In 1947, her body was was found in Los Angeles, mutilated and sliced in half at the waist. Her organs had been pulled out, and she was drained of all blood and posed in a provocative position. There have been many suspects, but the crime is still unsolved.
The unidentified body of a 5- to 7-year-old boy was found in a pond in Wisconsin in March 1921. He'd been hit with a blunt object, and could've been lying there for months. In 1949, a medical examiner theorized the boy could've been 6-year-old Homer Lemay, who'd disappeared around the same time this boy died.

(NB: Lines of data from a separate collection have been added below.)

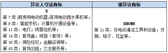 案例二:“X”商標(biāo)(07;09;11;14;35;36;37;38;41;42;45類) Vs.“ XHOME”(21類)
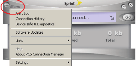 The Sprint PCS Connection Manager Software Window . . . . . 30
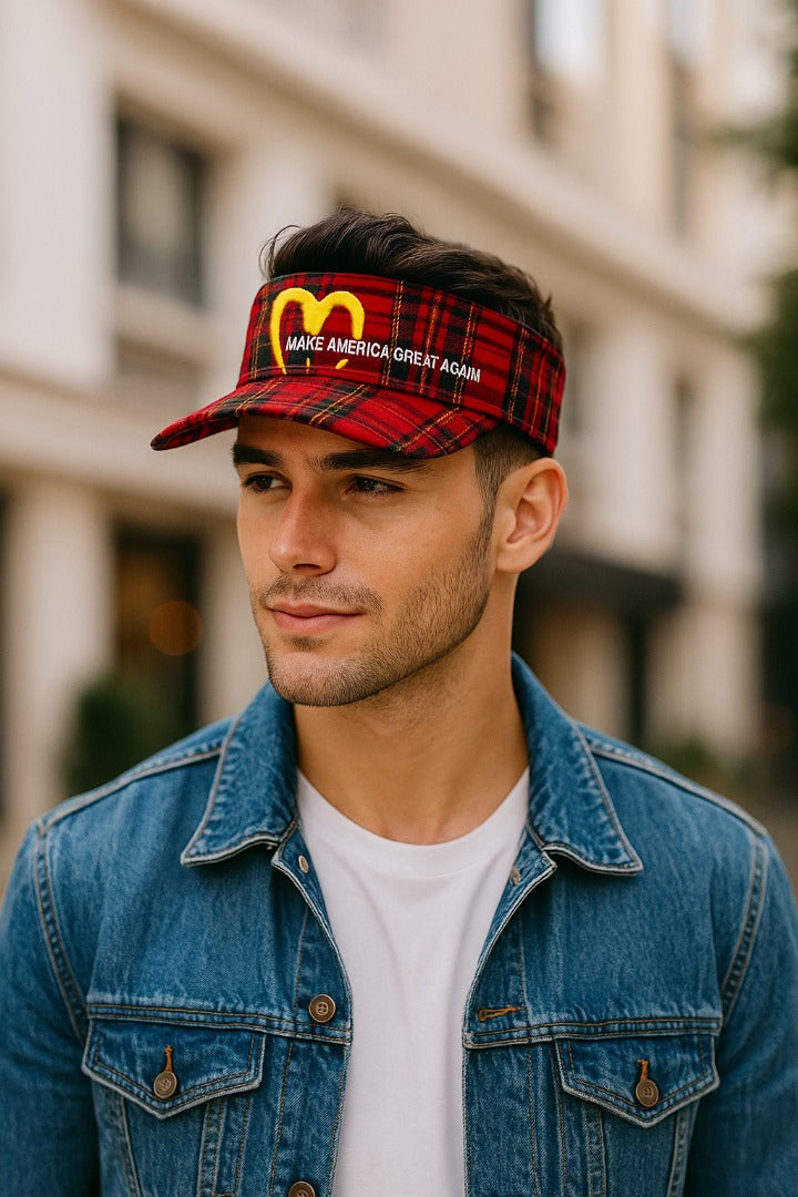 Stand out with bold style and a touch of satire. The Trump Legacy – Make America Great Hat combines a classic plaid design with a playful twist on an iconic slogan. Featuring embroidered text and a bright golden “M” detail, this novelty hat makes a statement wherever you go.

University of Chicago students Leopold and Loeb simply decided they wanted to commit "the perfect crime," because they assumed they could get away with it. They chose Robert Franks, a wealthy 14-year-old who was also Loeb's cousin, to kidnap and murder. Loeb was killed in prison, while Leopold lived until his release, and died in 1971.
She'd lure men to her farm, take out life insurance policies on them OR have them bring money so they could "invest in her growing property", kill them, then feed them to her pigs. She also killed most of her boyfriends, her two husbands, and both of her daughters. She was not f**king around.